Where the line containing "- เปิดระบบรับสมัครสอบวัดความรู้ภาษาไทย ประจำปีการศึกษา" appears in the entries below, start there and print only that line and every line after it, exactly, through the end, excluding pictures.

Records from a collection
########################################
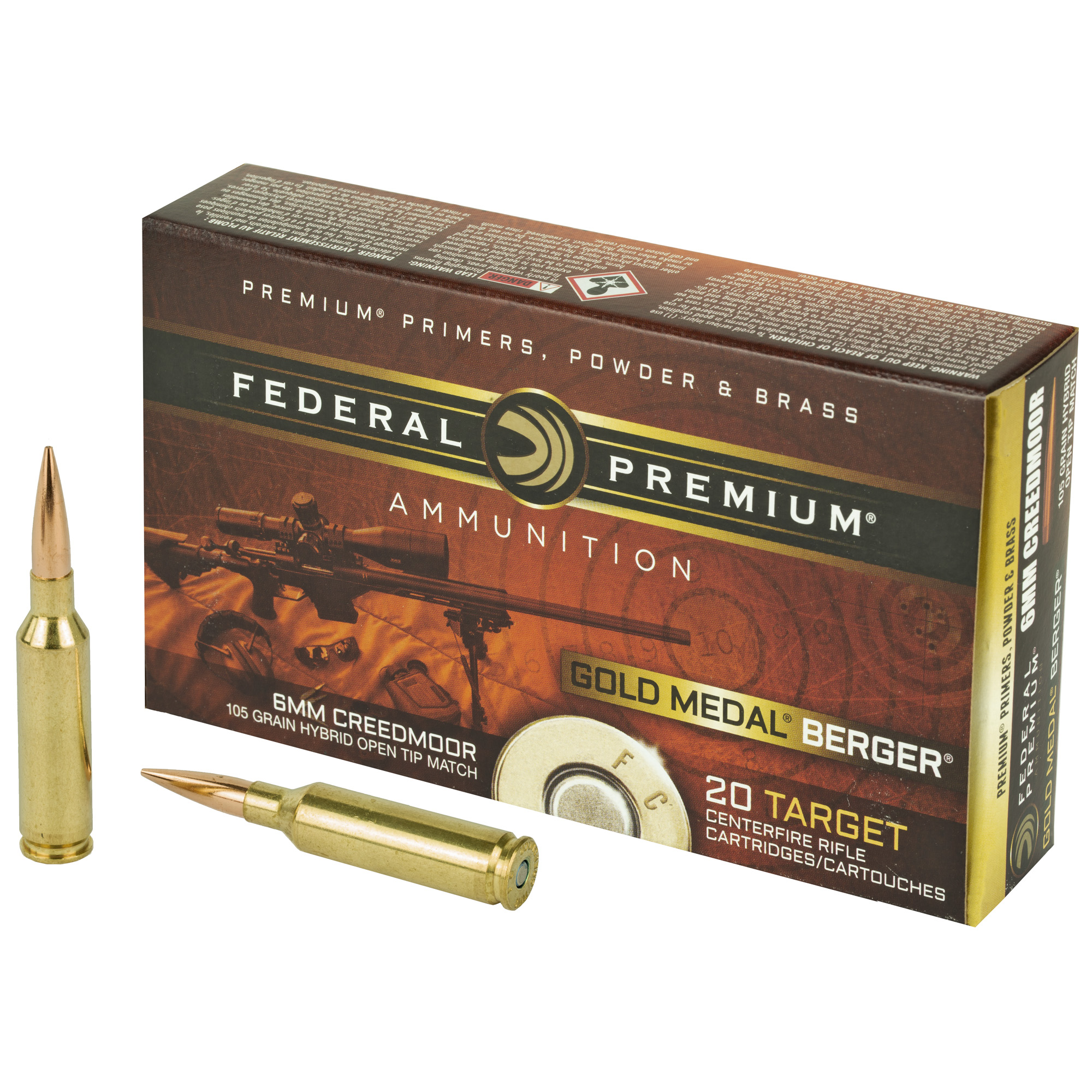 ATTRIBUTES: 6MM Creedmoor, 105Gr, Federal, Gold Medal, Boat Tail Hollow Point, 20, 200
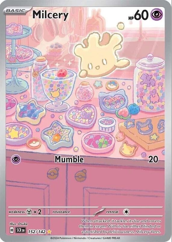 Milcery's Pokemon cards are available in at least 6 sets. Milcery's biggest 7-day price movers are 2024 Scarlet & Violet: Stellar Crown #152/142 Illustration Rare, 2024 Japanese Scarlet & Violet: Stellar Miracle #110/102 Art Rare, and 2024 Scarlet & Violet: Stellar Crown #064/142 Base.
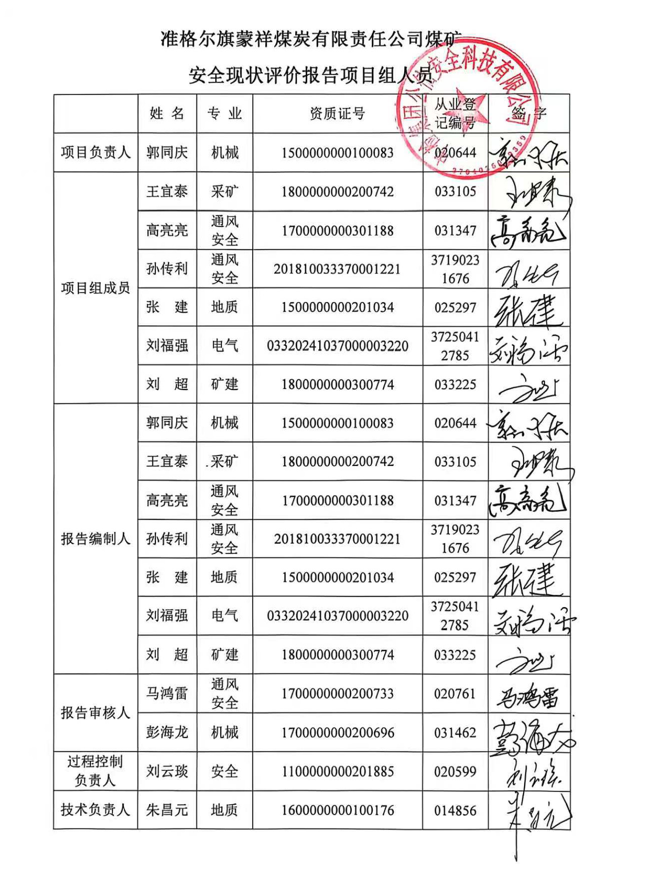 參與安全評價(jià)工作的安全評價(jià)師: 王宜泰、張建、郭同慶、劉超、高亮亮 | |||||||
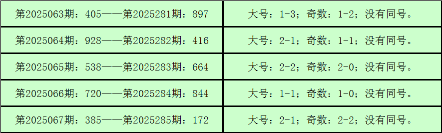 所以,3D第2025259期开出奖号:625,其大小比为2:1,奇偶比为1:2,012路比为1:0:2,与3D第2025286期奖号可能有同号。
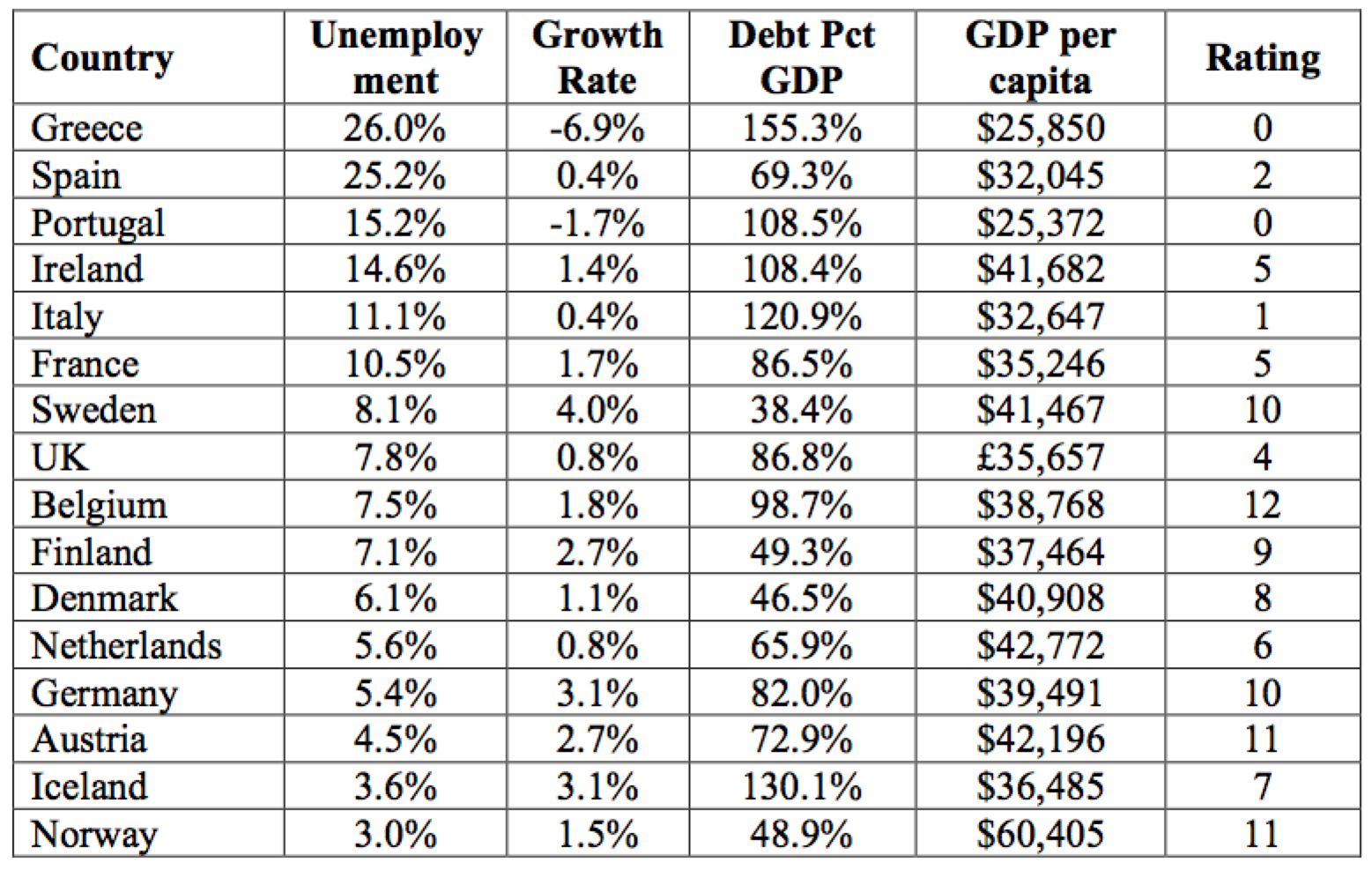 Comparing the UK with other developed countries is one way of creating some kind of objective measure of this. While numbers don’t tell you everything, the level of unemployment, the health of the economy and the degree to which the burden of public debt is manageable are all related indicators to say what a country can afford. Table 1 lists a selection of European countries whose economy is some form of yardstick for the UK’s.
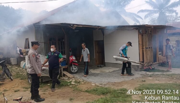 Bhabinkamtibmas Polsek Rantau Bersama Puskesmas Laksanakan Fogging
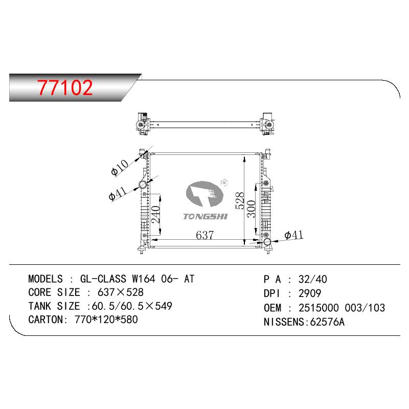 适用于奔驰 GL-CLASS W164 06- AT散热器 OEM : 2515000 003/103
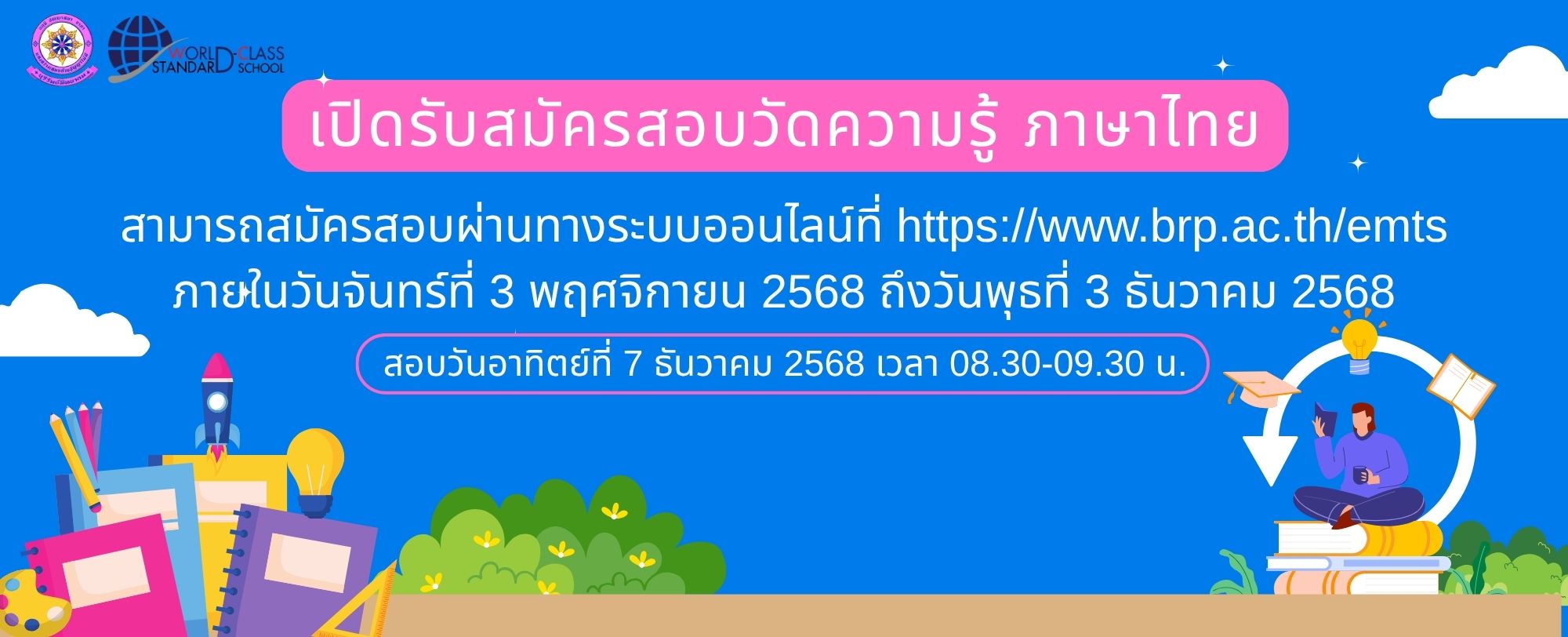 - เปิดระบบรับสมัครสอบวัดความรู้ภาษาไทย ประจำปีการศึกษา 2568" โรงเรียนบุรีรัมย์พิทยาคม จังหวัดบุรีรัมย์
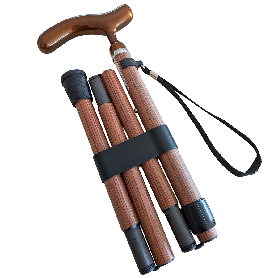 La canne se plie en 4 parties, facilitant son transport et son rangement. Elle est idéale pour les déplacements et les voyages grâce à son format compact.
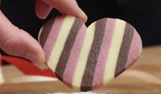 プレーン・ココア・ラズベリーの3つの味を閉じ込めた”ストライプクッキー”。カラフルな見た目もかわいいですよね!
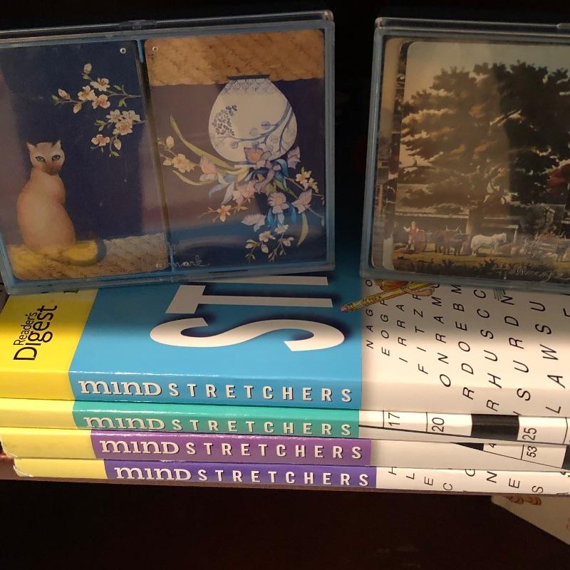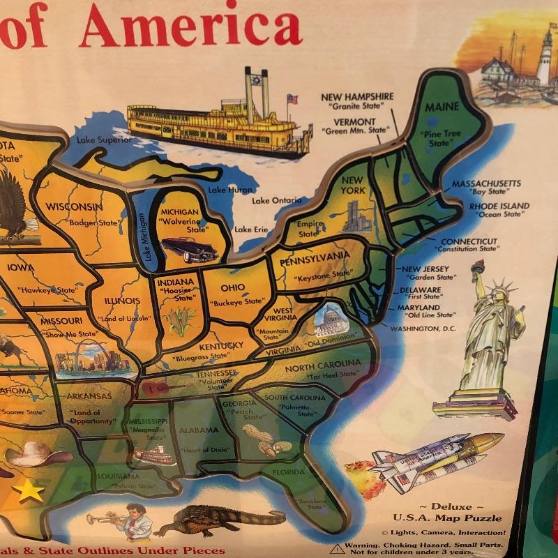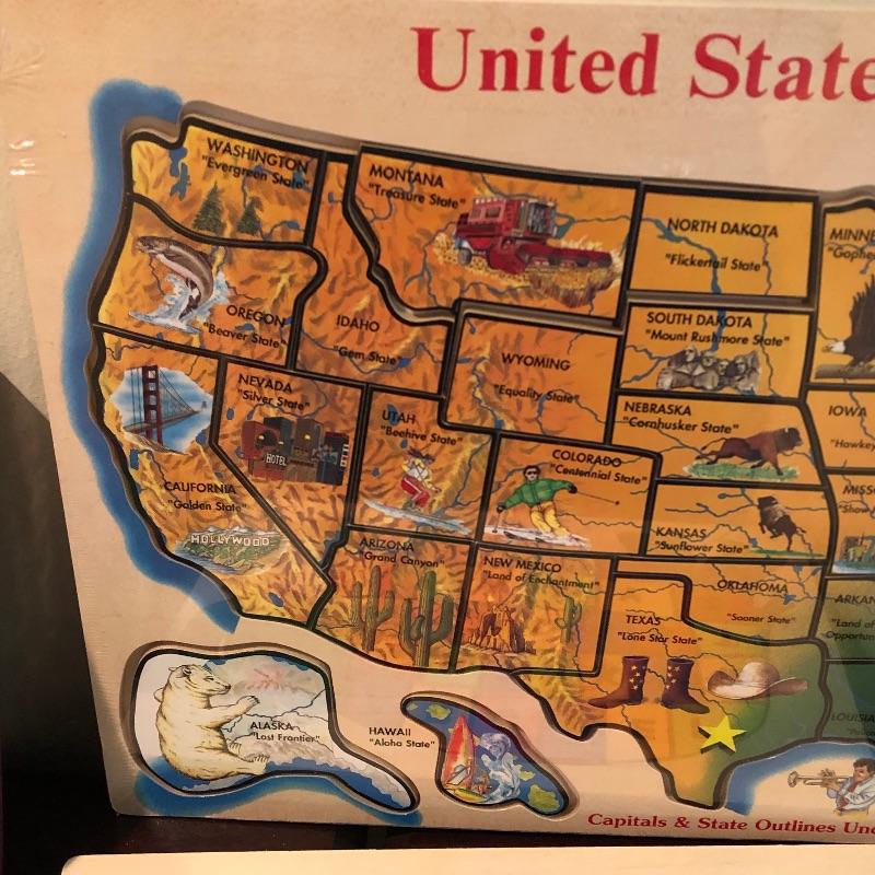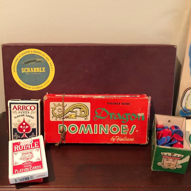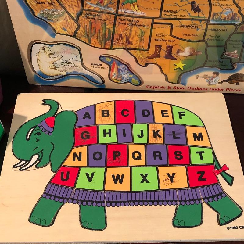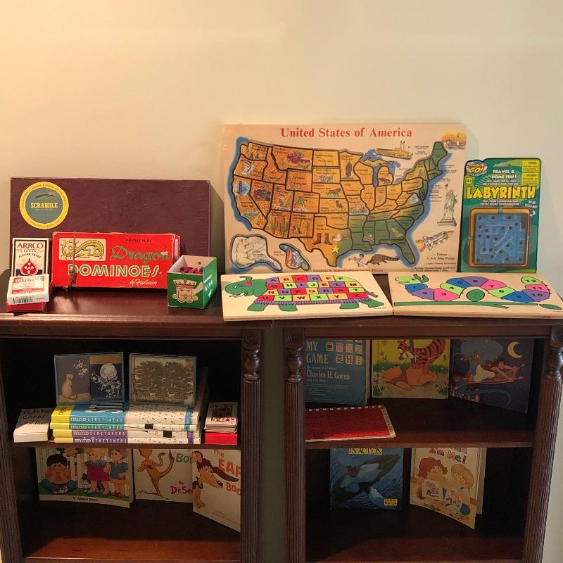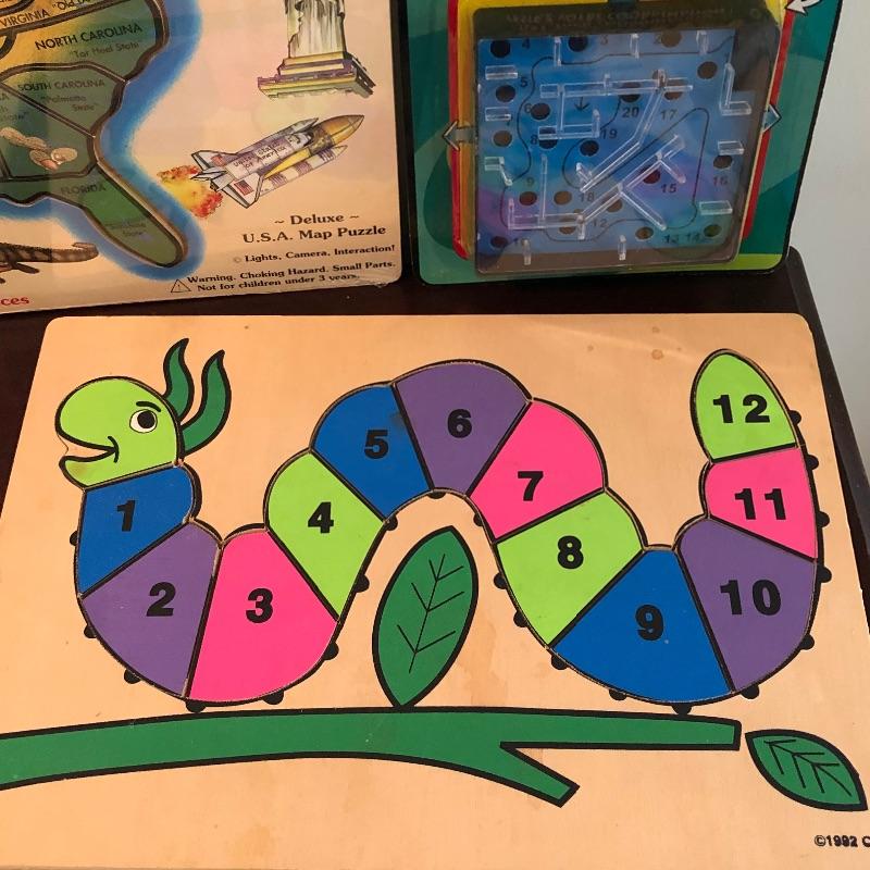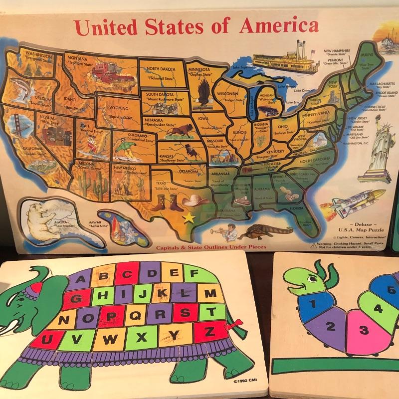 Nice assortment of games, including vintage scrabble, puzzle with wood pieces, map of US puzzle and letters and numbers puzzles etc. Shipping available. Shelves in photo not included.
########################################
**RESPONSE TO THE TASK:**
 - เปิดระบบรับสมัครสอบวัดความรู้ภาษาไทย ประจำปีการศึกษา 2568" โรงเรียนบุรีรัมย์พิทยาคม จังหวัดบุรีรัมย์
 La canne se plie en 4 parties, facilitant son transport et son rangement. Elle est idéale pour les déplacements et les voyages grâce à son format compact.
 プレーン・ココア・ラズベリーの3つの味を閉じ込めた”ストライプクッキー”。カラフルな見た目もかわいいですよね!
 Nice assortment of games, including vintage scrabble, puzzle with wood pieces, map of US puzzle and letters and numbers puzzles etc. Shipping available. Shelves in photo not included.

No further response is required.